His position as command sergeant major is crucial in the military, informing commanders about what subordinates are doing and advocating on behalf of lower-ranking officers. He holds one of the highest positions on base for a noncommissioned officer. 


But here, Johndrow is known simply as "the 42-month guy." His service in Iraq lasted almost as long as the U.S. commitment in World War II. But he seems uncomfortable with the "42-month" moniker.
"I didn't go there to have 42 months. I went there to be with the soldiers," said Johndrow, an Army brat who now calls Townsend, Mont., his hometown. "I heard someone say once that if the good guys didn't stand up, the bad guys would win. I just did my job."

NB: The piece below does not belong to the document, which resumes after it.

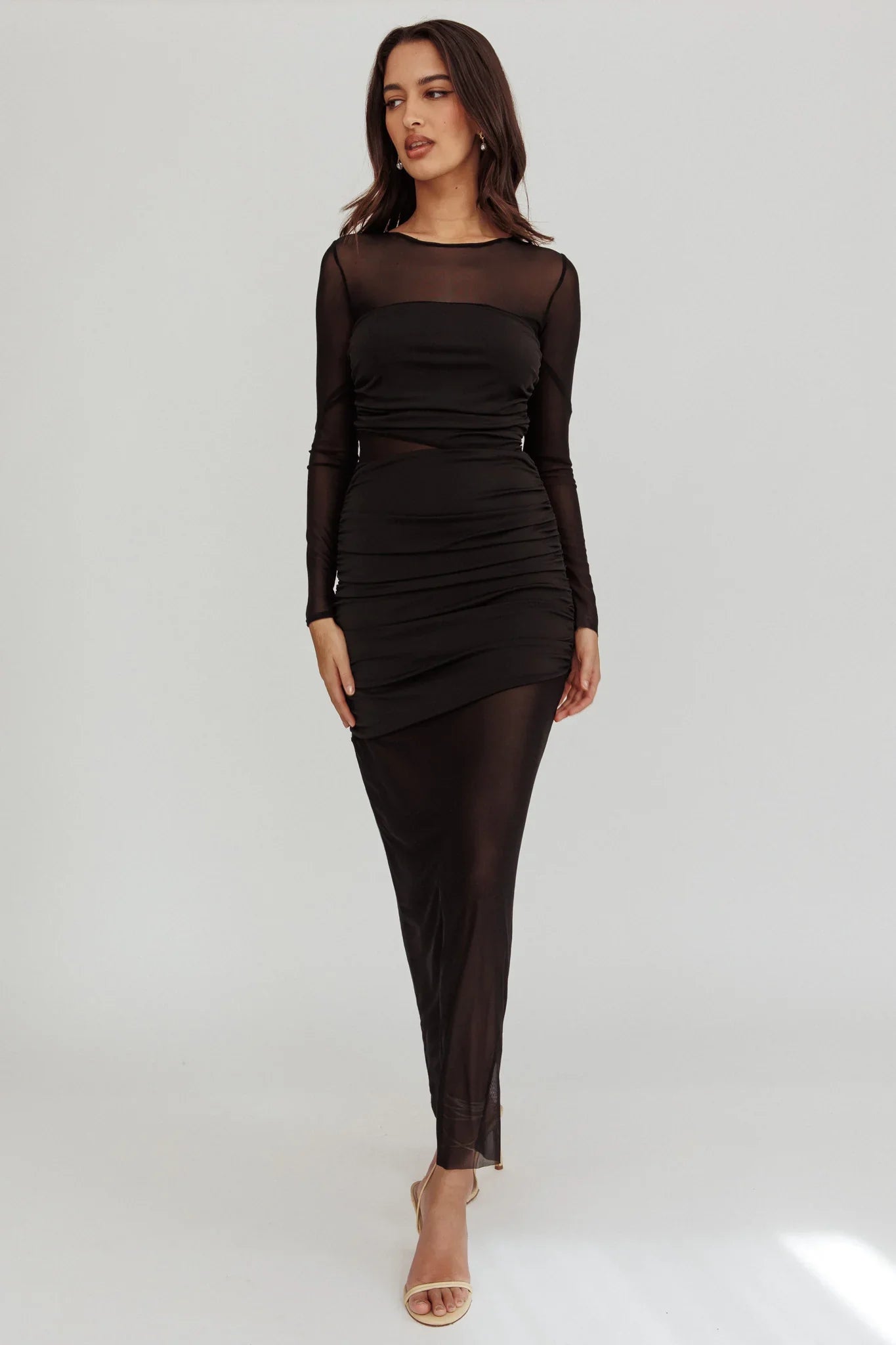 Stand out from the crowd in our Harpa maxi dress! This dress is the epitome of contemporary chic. It features an illusion mesh neckline, a waist cut-out and gathered texture. Take your look to the next level by accessorizing with your favorite jewelry!

Soldiers here say Gen. David Petraeus, the top U.S. commander in Iraq, also is in the running for most months served there. They joke that if the ever-competitive Petraeus found out, he'd extend his tour. (Petraeus, now at 41 months, is due to leave this fall.)

Yet Johndrow, 49, feels anxious that his job will keep him away from Iraq for about two years. This fall, the 1st Cavalry Division is scheduled to head back to Iraq without him.

"It sounds strange, but you feel guilty," Johndrow said. "You want to see it through the end."
Thousands of soldiers have served three tours in either Iraq or Afghanistan, but most served 12-month rotations. In Johndrow's case, the military extended two of his three tours.
Ask him about his most dangerous experience in Iraq, and he says only that every day was dangerous.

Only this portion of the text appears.